YMMV. Finding and papering over the things that prevent a model from being deployable can also require a deep bag of engineering tricks that an average ML research scientist does not have. In my personal experience I've seen teams burned by this more often than the other way around.
In my opinion, current SOTA machine learning / deep learning is actually quite simple on a conceptual level. January last year, I decided to give it one year to understand transformers on a "I could totally code that" level. There were so many good video tutorials and texts that after 2 months there wasn't so much left to learn. In particular, the math did not feel much more difficult than what I learned in high school (and much easier than what we did in university). I think this is a particularity of those DL approaches that don't need much more than some (higher dimensional) linear algebra and calculus. There are other AI or ML approaches that I cannot even grasp on a superficial level, but fortunately (from a learner's perspective) DL has completely eaten machine learning, for the time being.
Nevertheless, that entire field depends so much on complex heuristics and subtle optimizations that I completely understand that learning and getting an intuition for those details takes a long time (and is more akin to black magic). The development experience is absolutely horrible. Debugging a model takes such a long time, is rather expensive, and observability is absolutely dismal (at least it was a year ago). It really felt like debugging a program into existence by staring at graphs and retrying infinitely many times.
ML is a broad topic, and it keeps getting wider, and deeper. Even ML specialists don't try to keep up with it all. Be comfortable with not knowing everything.
Machine learning engineers are software engineers, and they exist, so the title is wrong. I suppose it is in Nyckel's interest to claim otherwise.
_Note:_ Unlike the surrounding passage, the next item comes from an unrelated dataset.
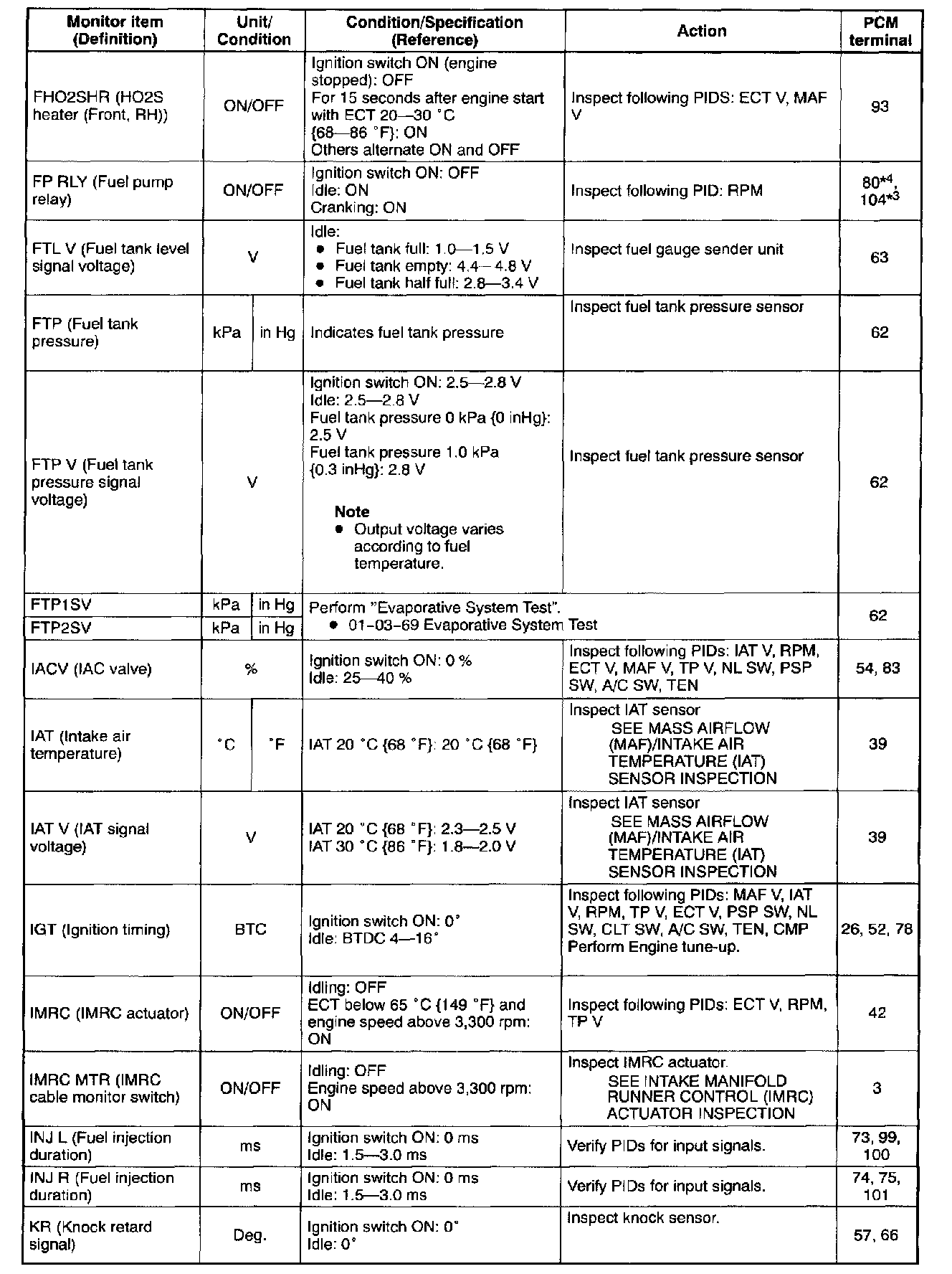PID/DATA Monitor Table (Reference) (Part 4 Of 6):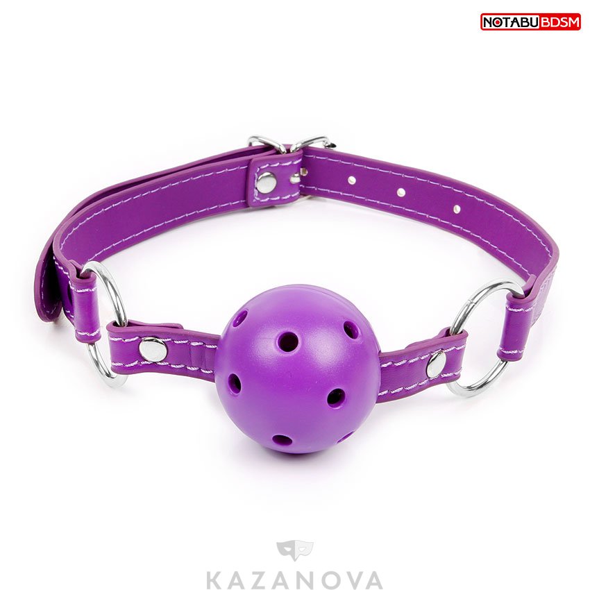 Фиолетовый кляп-шар NoTabu отлично подойдет для сценариев в стиле BDSM и речевой депривации.

Transformers are in many state-of-art models but they don't solve all machine learning problems. Even within the world of transformers, there are many variations depending on the application: generating embeddings, translation, next-token prediction, recommendations.
I am mathematician by training. The algorithms relied mostly on undergrad level mathematics when I took some courses six years ago, not easy, but I think there are harder algorithms.
I think it is qualitatively different from programming, because you try to find a reasonable good fit for data you know to guess new future data. Classical programming relies on rules and decisions. ML is closer to numerics, statistics, simulations. Guess the function from the data vs define a function and programm it.
You can easily get into territory that is harder than undergrad. Like it’s completely possible you’d need something like rejection sampling, functional time series, Jeffrey’s priors, etc
The bottleneck is that the Python libraries have a poor user experience.
“Get familiar with one or more ML libraries like PyTorch, Tensorflow, FastAI, or scikit-learn. This is harder than getting familiar with a normal programming library because the concepts and paradigms are very different from what programmers are used to.”
Is this just a matter of there not being nice packaged up products yet?
I’d like to see this sort of logic applied to, say, doing an Autocad simulation. I think lots of people use that kind of stuff to do finite element analysis without being experts in the underlying math packages…
There was a talk at PyCon Sweden by a Huggingface dev who showcased some of the tools they have for making ML (specifically transformers) making feel like "standard" software dev: https://www.youtube.com/watch?v=fckyXntHy1s
In particular treating datasets as "repos" analogous to how code can be versioned seems like a really good way forward.
Understandably but at the same time, an electrical engineer who specializes in power systems isn’t going to know the in and outs of microprocessor design and there’s nothing wrong with that.
Yeah, but ML is extremely math heavy, and the fact that it is done in software doesn’t mean that any software engineer should be able to pick it up readily. I think it is much easier to train up a person with deep understanding of math the basics of python and have them do ML, then someone with a understanding software graduate level math and then have them do ML
I can relate to the article. Knowing JavaScript, I've been fiddling about with Tensorflow.js, learning DL concepts through the lens of the library and working my way backwards. For anyone interested, here are a few books in this vein:
Learning TensorFlow.js: Powerful Machine Learning in JavaScript
Deep Learning with JavaScript: Neural networks in TensorFlow.js
When I first learned programming, I was surprised how you hardly need any mathematics for anything. There are some exceptions, like video game engines. But those exceptions were not what 99% of software engineers were doing.
But now machine learning is another such exception where non-trivial mathematics is important.
What are some good online courses to break into the field for a competent, generalist software engineer? Ideally I want to end up focusing on the platform / MLOps space.
(For someone say, who has a CS degree, took a Linear Algebra class a decade ago and doesn't remember much.)
Andrew Ng's course for theoretical underpinnings, and Jeremy Howard's fast.ai course for the practical. Or just the latter course, if you want to get right to it.
It's not that people can't do it, but that it consumes a huge quantity of time. You're learning a bunch of new tools, and building infrastructure to feed it your data.
And often the result is failure, or something close to it, as the output isn't very good.
My entire post-college career has been successful because ML is too hard for software engineers (and scientists). Bear with me here. Long ago, during the AI winter (late 80s to 2000s) as a high school student I read about neural nets, and being interest in both biology and CS, thought that was an exciting system to learn about.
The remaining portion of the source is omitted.